I'm wondering if this is possible.
I have html like so:
<p>
<font face="Georgia">
<b>History</b><br> <br>Two of the polysaccharides used in the manufacture of...</font>
<a title="PubMed" href="http://www.www.gov/pubmed/" target="_blank">
<font face="Georgia">) and this web site for new development by...well as Self Affirmed Medical Food GRAS status.
</font>
</p>
<p>
<font face="Georgia">[READMORE]</font>
</p>
<p><font face="Georgia"><br><strong>Proprietary Composition</strong><br>
<br>The method in which soluble fibres are made into... REST OF ARTICLE...
</p>
Yes, it's ugly html and it comes from a WYSIWYG so I have little control over it.
What I want to do is search for [READMORE] in the document, remove any parent tags ( in this case, the <font>
and the <p>
tags ) and replace them with a readmore link while wrapping the REST of the document in a giant `...rest of article...
I'm pretty sure the HtmlAgilityPack will get me part of the way there, but I'm just trying to figure out where to start.
So far, I'm pretty sure that I have to use htmlDoc.DocumentNode.SelectSingleNode(//p[text()="[READMORE]"])
or something.
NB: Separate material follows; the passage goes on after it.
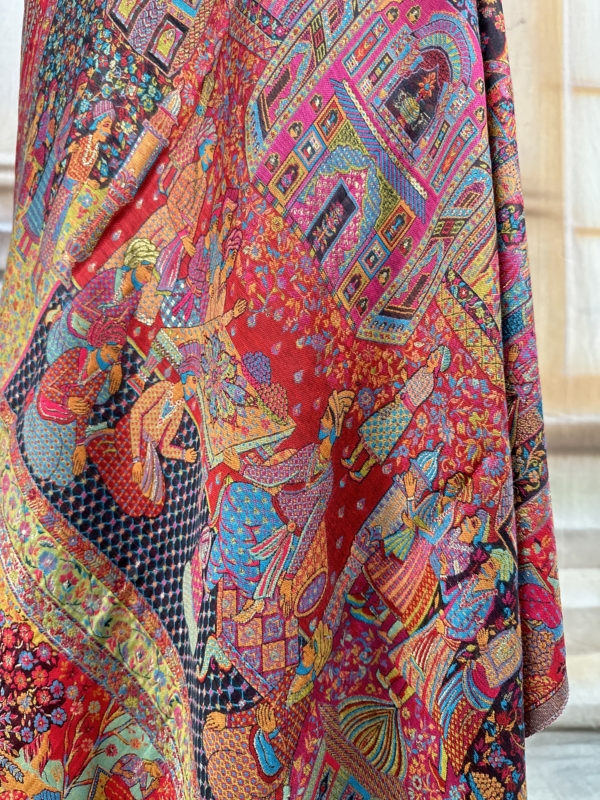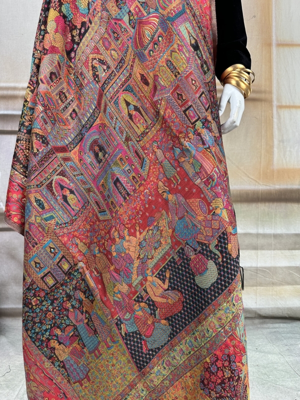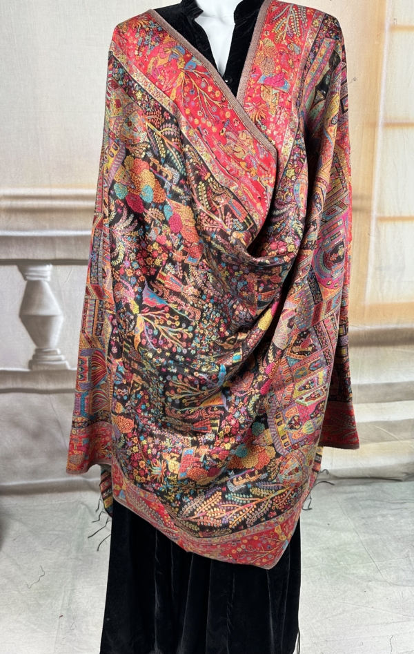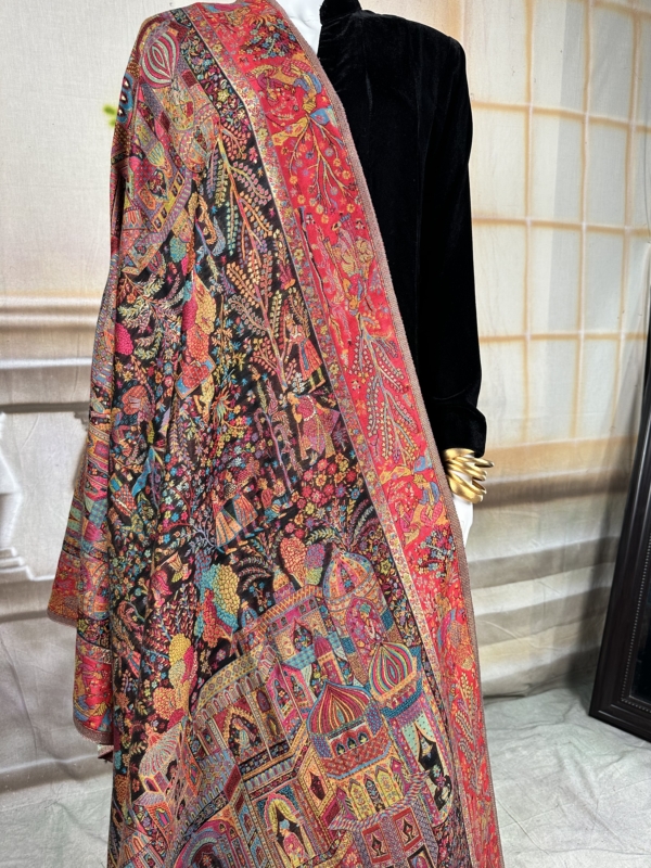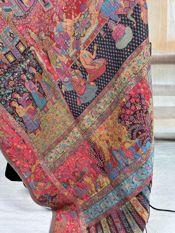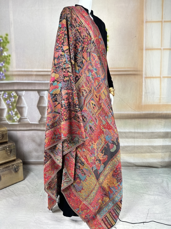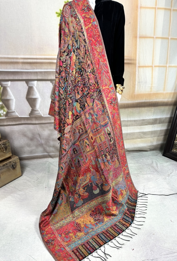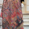 The Kani silk shawl is a testament to timeless elegance. Crafted with the finest silk, this accessory boasts the intricate Kani weaving technique, featuring delicate floral patterns and vibrant hues. Lightweight yet warm, it drapes gracefully, making it a luxurious addition to any ensemble. The traditional craftsmanship and rich texture of the Kani silk shawl exude a touch of regality, making it a perfect blend of cultural heritage and contemporary style.

I'm not too familiar with XPATH.
For my documents, the readmore may or may not be in a nested font
tag.
Also, in some cases, it may not be in a tag at all, but rather at the document root. I can just do a regular search and replace in that case and it should be straightforward.
My ideal situation would be something like this (PSEUDOCODE)
var node = SelectNodeContaining("[READMORE]").
node.Replace( "link here" );
node.RestOfDocument().Wrap("<div class='wrapper'");
I know, I'm dreaming... but I hope this makes sense.